_Required action_.
From the listing that follows, output everything exactly except the pictures.

_Stored data_.
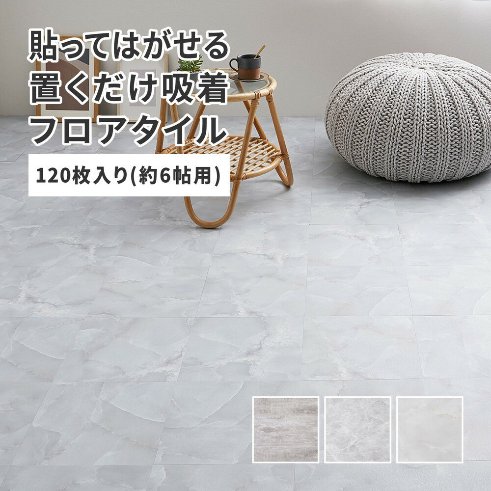 【30日★5%OFFクーポン】 貼ってはがせる 大理石調 フロアタイル 120枚入り (約6畳用) 【送料無料】 フロアタイル 賃貸 敷くだけ 置くだけ 6畳 フローリング リビング 玄関 大理石 吸着 粘着 ストーン調 滑り止め 白
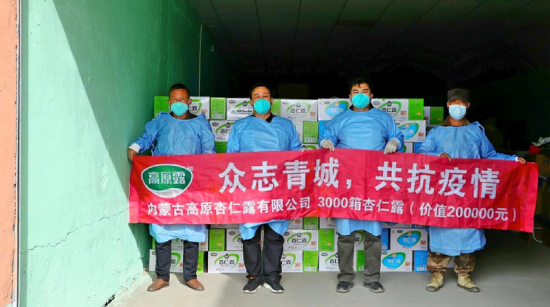 20、常務(wù)理事單位-內(nèi)蒙古高原杏仁露有限公司:近日,內(nèi)蒙古高原杏仁露有限公司向玉泉區(qū)捐贈了價值12萬余元的高原杏仁露,本次捐贈表達了對所有抗疫工作人員的熱切關(guān)懷和暖暖情意,感謝所有逆行者“疫”無反顧的擔(dān)當(dāng)與堅守。
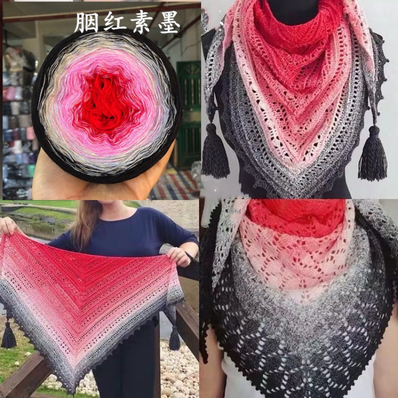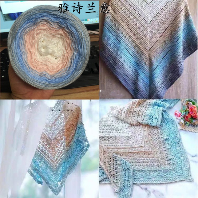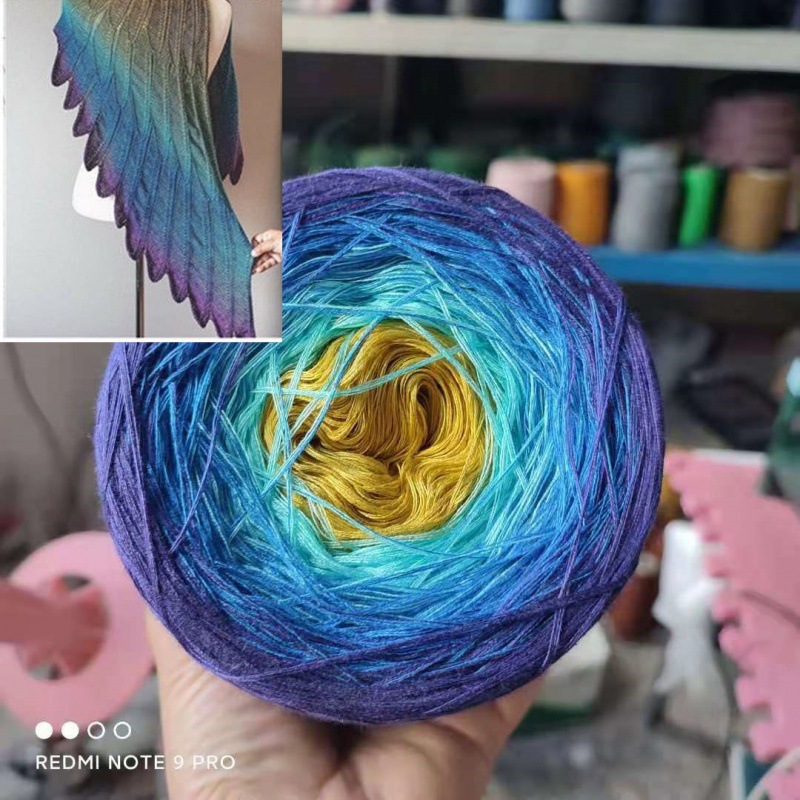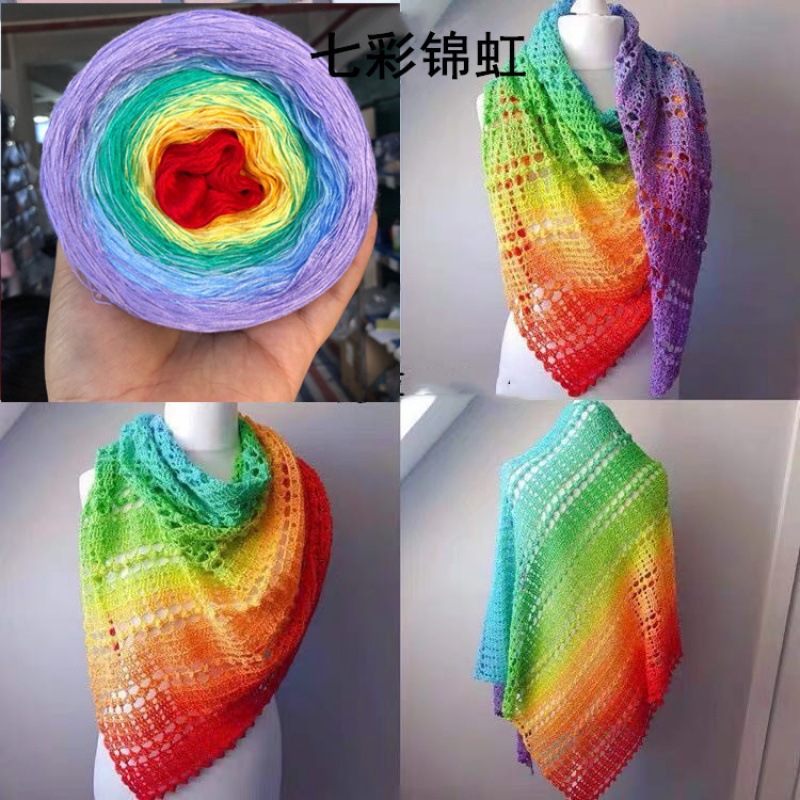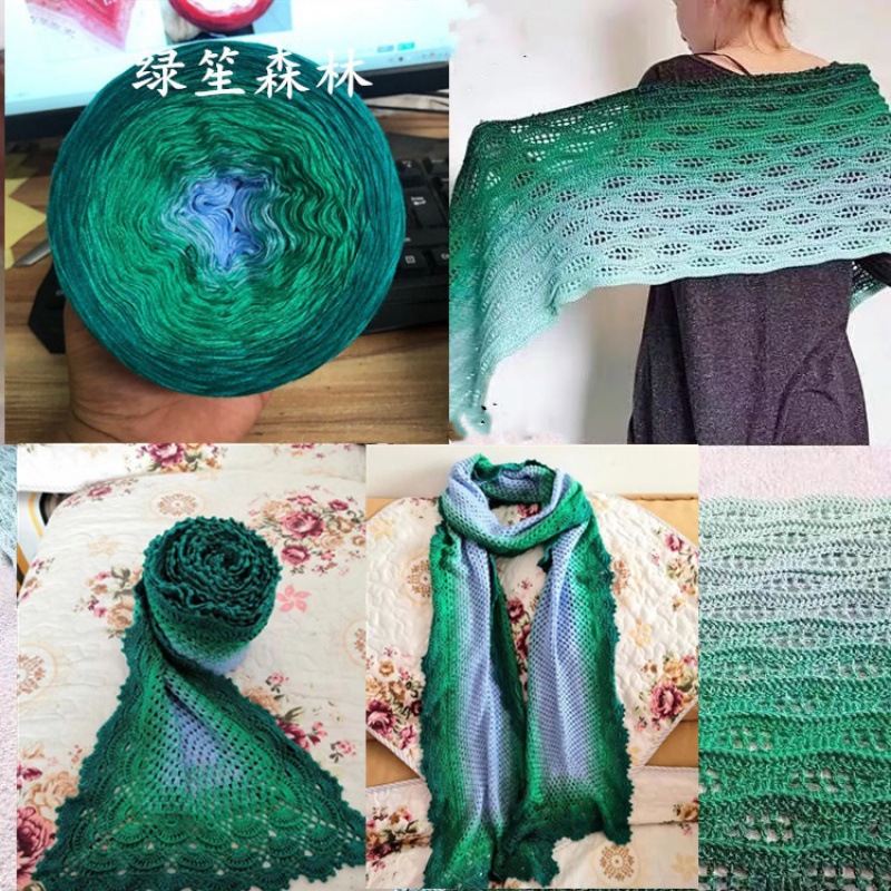유기농 레이스 코튼 혼합 재고 고블린 라인 손으로 상처 케이크 라인 그라디언트 긴 섹션 염료 봄과 여름 목도리 스카프 모직 라인 첸

_Completed task_.
 【30日★5%OFFクーポン】 貼ってはがせる 大理石調 フロアタイル 120枚入り (約6畳用) 【送料無料】 フロアタイル 賃貸 敷くだけ 置くだけ 6畳 フローリング リビング 玄関 大理石 吸着 粘着 ストーン調 滑り止め 白
 20、常務(wù)理事單位-內(nèi)蒙古高原杏仁露有限公司:近日,內(nèi)蒙古高原杏仁露有限公司向玉泉區(qū)捐贈了價值12萬余元的高原杏仁露,本次捐贈表達了對所有抗疫工作人員的熱切關(guān)懷和暖暖情意,感謝所有逆行者“疫”無反顧的擔(dān)當(dāng)與堅守。
유기농 레이스 코튼 혼합 재고 고블린 라인 손으로 상처 케이크 라인 그라디언트 긴 섹션 염료 봄과 여름 목도리 스카프 모직 라인 첸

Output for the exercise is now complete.